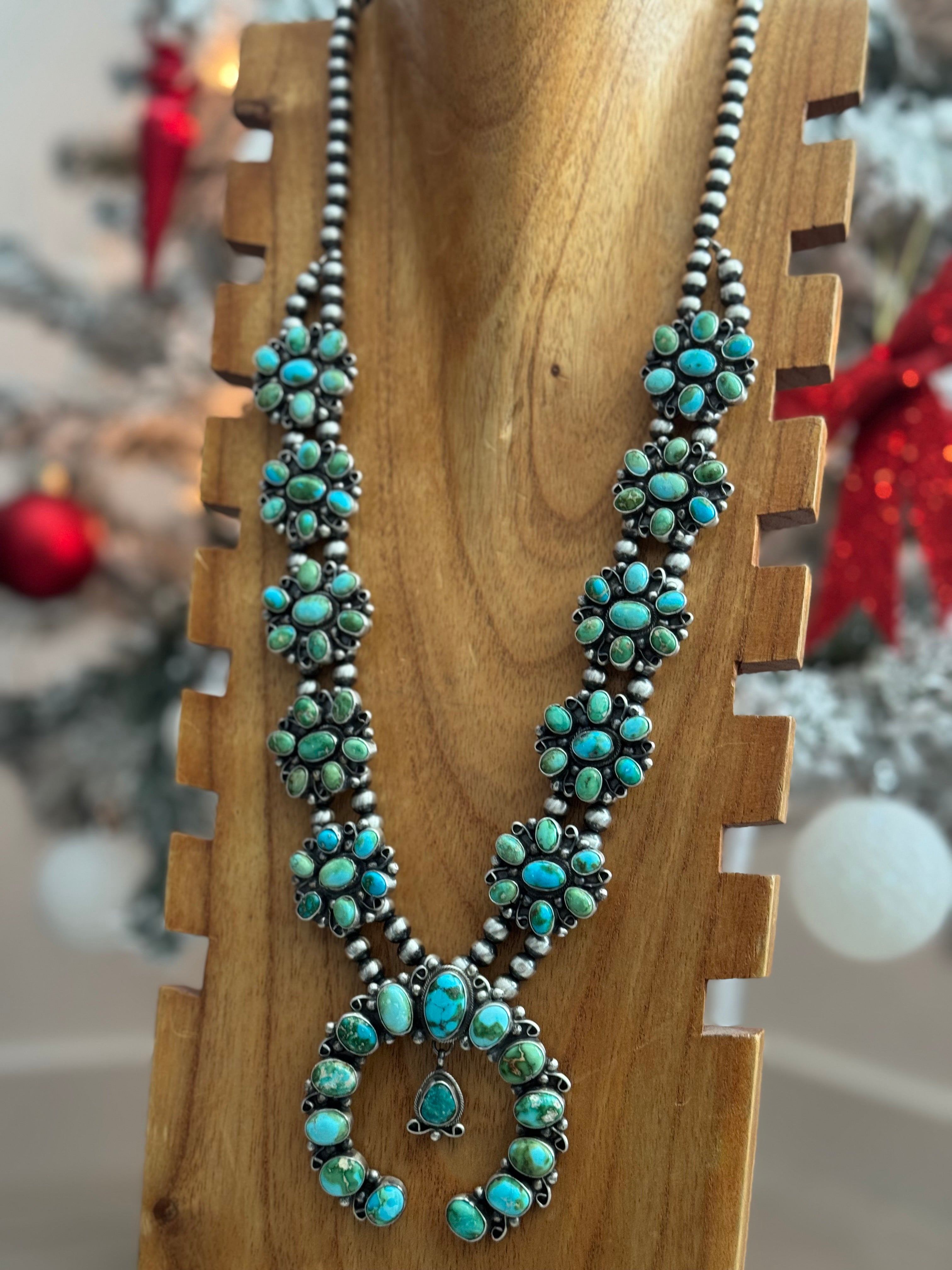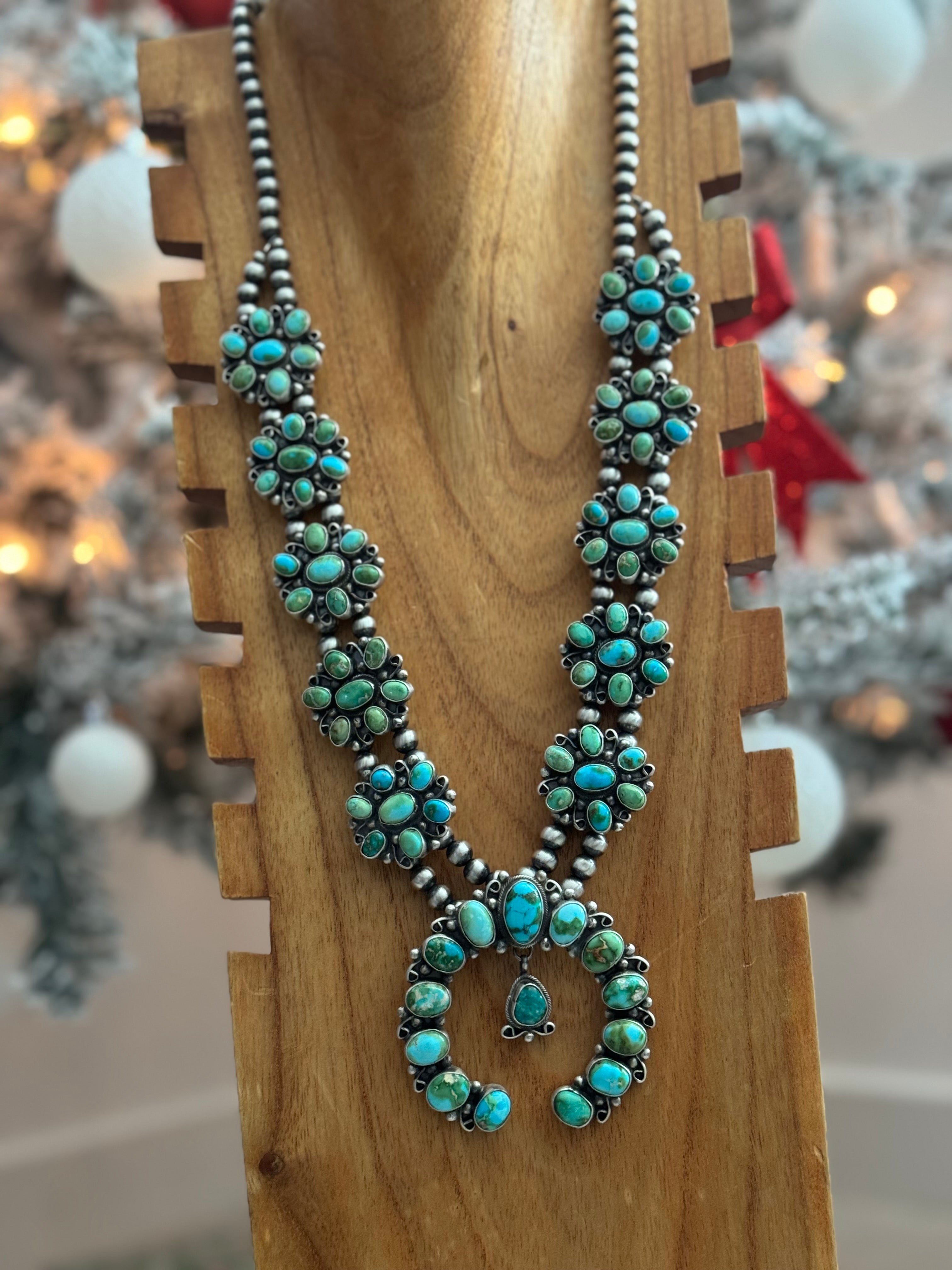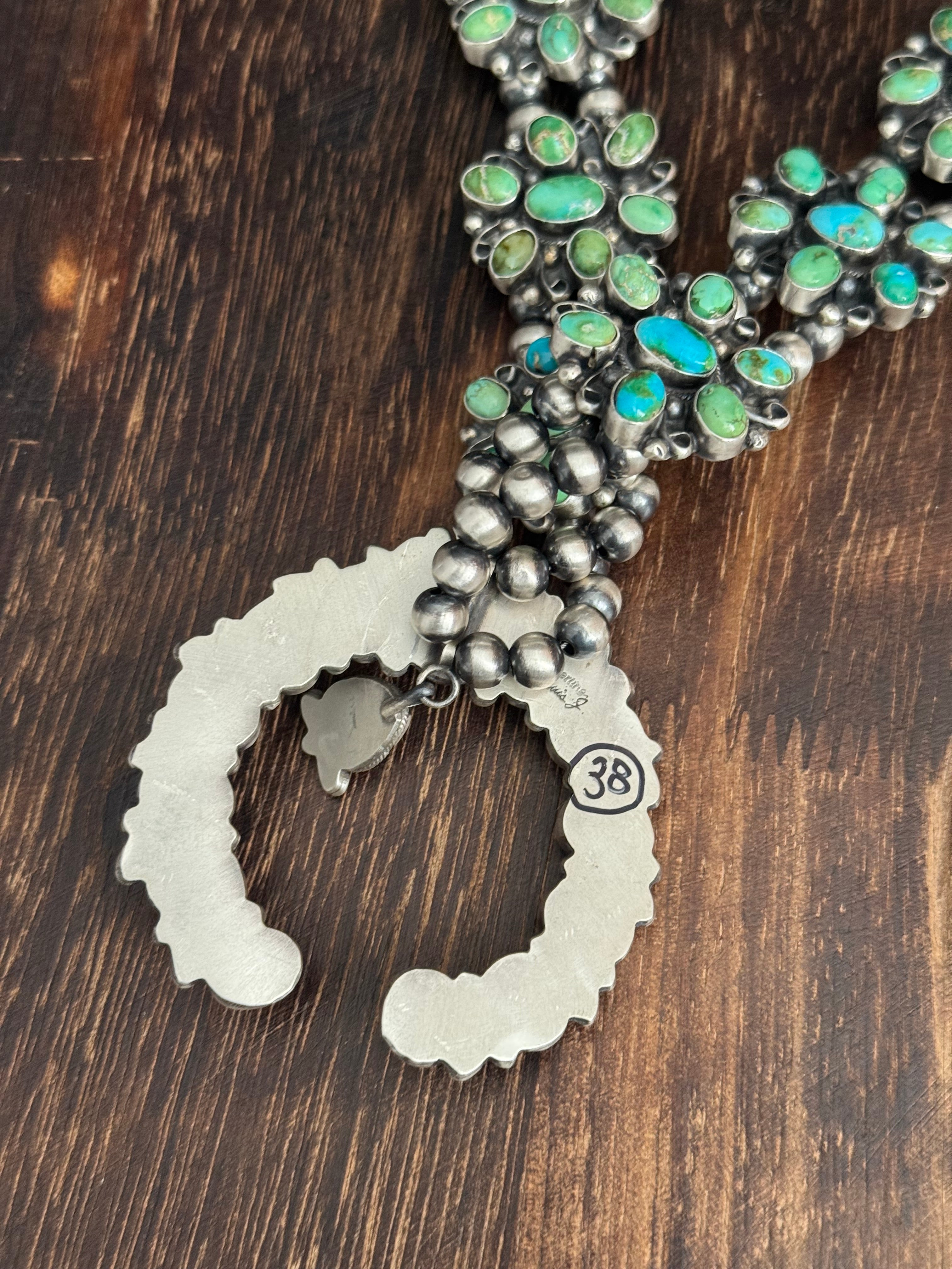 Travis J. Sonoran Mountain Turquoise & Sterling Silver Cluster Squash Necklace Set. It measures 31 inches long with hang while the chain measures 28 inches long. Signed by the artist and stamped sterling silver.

* * *

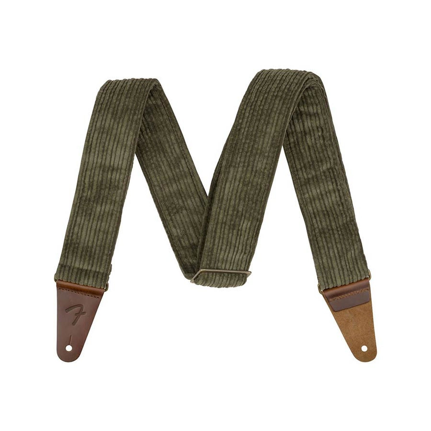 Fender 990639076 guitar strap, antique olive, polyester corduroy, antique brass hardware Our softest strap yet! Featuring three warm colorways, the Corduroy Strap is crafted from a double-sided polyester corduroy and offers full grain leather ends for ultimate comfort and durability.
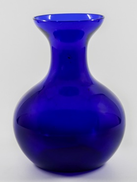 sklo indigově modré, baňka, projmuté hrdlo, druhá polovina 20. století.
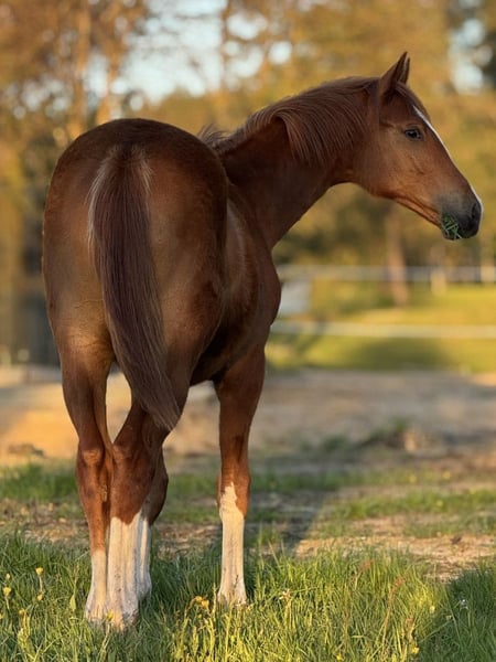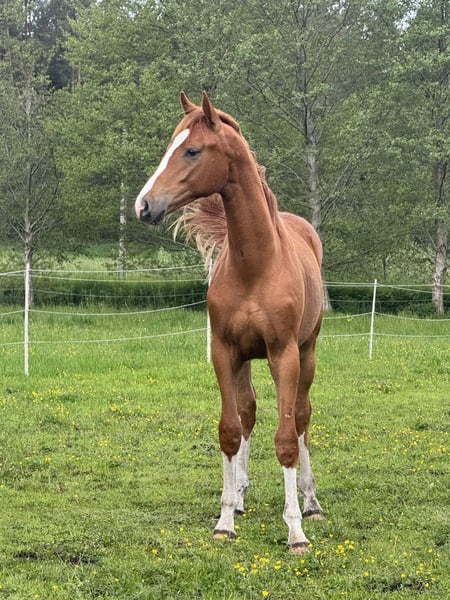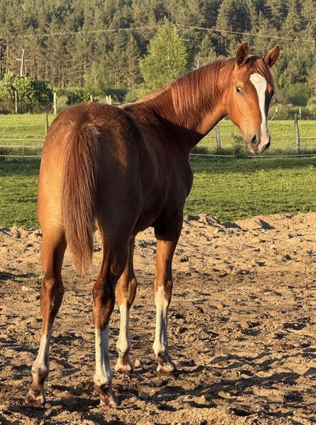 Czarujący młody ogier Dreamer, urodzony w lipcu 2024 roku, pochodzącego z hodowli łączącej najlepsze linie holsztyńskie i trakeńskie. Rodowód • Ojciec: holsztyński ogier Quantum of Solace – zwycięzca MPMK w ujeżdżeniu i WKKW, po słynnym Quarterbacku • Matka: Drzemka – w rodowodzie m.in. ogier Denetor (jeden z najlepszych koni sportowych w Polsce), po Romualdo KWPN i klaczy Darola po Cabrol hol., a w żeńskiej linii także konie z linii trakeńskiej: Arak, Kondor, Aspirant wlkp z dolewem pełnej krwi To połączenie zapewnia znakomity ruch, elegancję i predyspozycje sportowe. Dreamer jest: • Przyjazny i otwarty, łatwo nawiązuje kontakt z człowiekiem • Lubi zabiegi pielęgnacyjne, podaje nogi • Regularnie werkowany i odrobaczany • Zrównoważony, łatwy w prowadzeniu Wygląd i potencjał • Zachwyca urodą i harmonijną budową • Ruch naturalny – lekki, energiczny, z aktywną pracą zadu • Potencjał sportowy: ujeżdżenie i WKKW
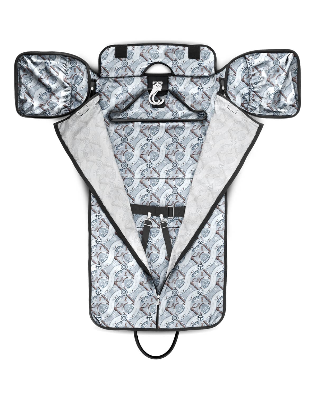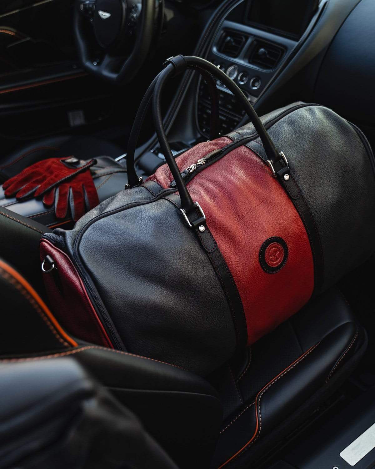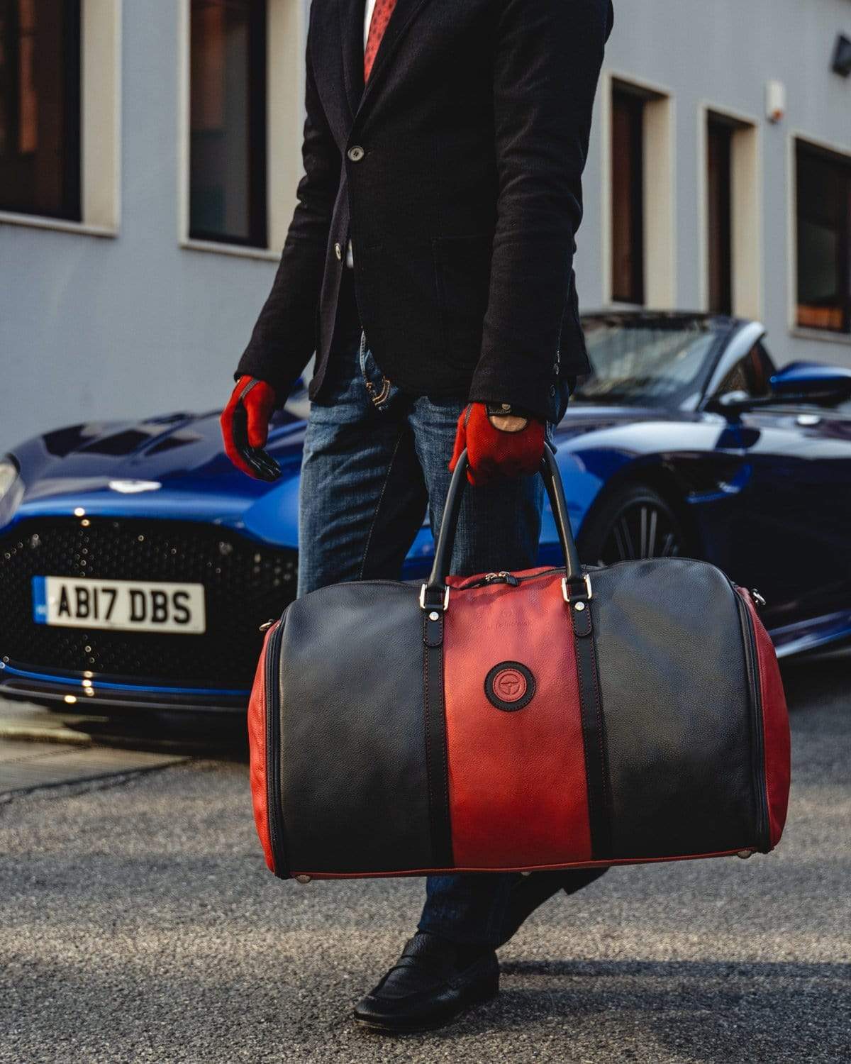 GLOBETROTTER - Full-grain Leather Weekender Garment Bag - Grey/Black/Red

EXERCISE DESCRIPTION
Everything from the line with "sklo indigově modré, baňka, projmuté" through the line with "GLOBETROTTER - Full-grain" in the material above should be transcribed exactly, except the pictures.

ANSWER TO THE EXERCISE
 sklo indigově modré, baňka, projmuté hrdlo, druhá polovina 20. století.
 Czarujący młody ogier Dreamer, urodzony w lipcu 2024 roku, pochodzącego z hodowli łączącej najlepsze linie holsztyńskie i trakeńskie. Rodowód • Ojciec: holsztyński ogier Quantum of Solace – zwycięzca MPMK w ujeżdżeniu i WKKW, po słynnym Quarterbacku • Matka: Drzemka – w rodowodzie m.in. ogier Denetor (jeden z najlepszych koni sportowych w Polsce), po Romualdo KWPN i klaczy Darola po Cabrol hol., a w żeńskiej linii także konie z linii trakeńskiej: Arak, Kondor, Aspirant wlkp z dolewem pełnej krwi To połączenie zapewnia znakomity ruch, elegancję i predyspozycje sportowe. Dreamer jest: • Przyjazny i otwarty, łatwo nawiązuje kontakt z człowiekiem • Lubi zabiegi pielęgnacyjne, podaje nogi • Regularnie werkowany i odrobaczany • Zrównoważony, łatwy w prowadzeniu Wygląd i potencjał • Zachwyca urodą i harmonijną budową • Ruch naturalny – lekki, energiczny, z aktywną pracą zadu • Potencjał sportowy: ujeżdżenie i WKKW
 GLOBETROTTER - Full-grain Leather Weekender Garment Bag - Grey/Black/Red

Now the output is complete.